_To do_: Search the material below for lines containing the string "Machine", and copy every one you find.

=== Data excerpt ===

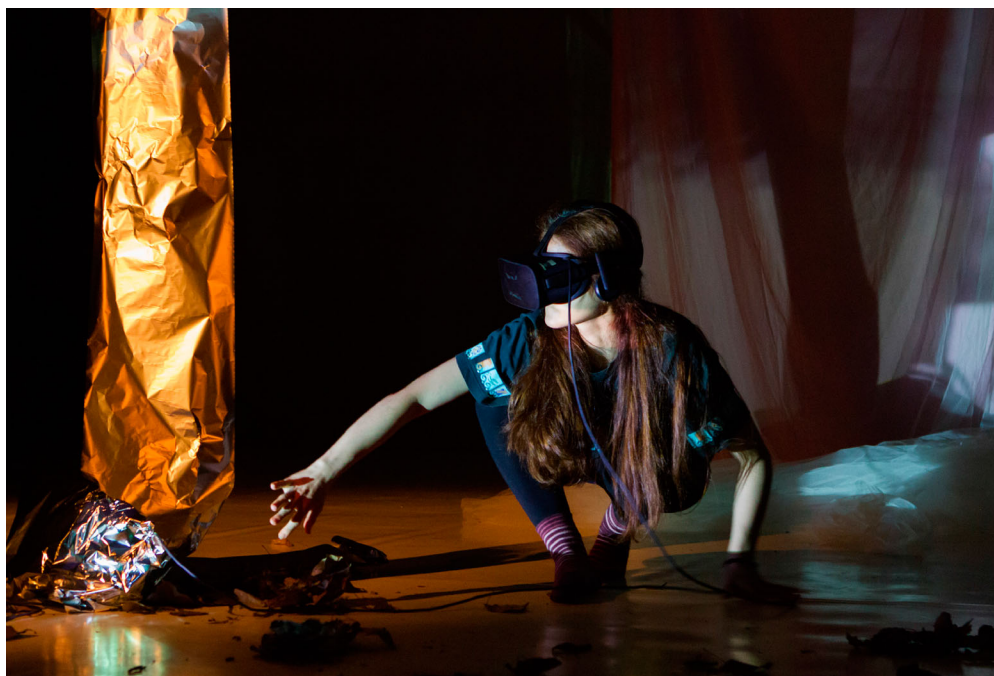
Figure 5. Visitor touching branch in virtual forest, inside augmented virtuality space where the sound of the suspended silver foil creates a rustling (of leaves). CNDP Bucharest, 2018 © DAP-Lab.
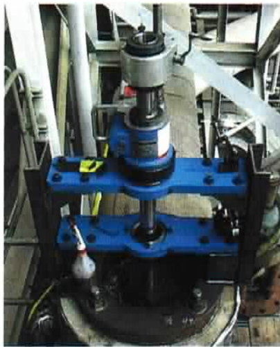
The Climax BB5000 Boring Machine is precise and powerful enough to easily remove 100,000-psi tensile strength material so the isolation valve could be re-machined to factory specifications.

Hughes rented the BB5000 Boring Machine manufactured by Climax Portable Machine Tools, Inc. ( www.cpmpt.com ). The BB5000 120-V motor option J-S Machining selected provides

===

_Solution_:
The Climax BB5000 Boring Machine is precise and powerful enough to easily remove 100,000-psi tensile strength material so the isolation valve could be re-machined to factory specifications.
Hughes rented the BB5000 Boring Machine manufactured by Climax Portable Machine Tools, Inc. ( www.cpmpt.com ). The BB5000 120-V motor option J-S Machining selected provides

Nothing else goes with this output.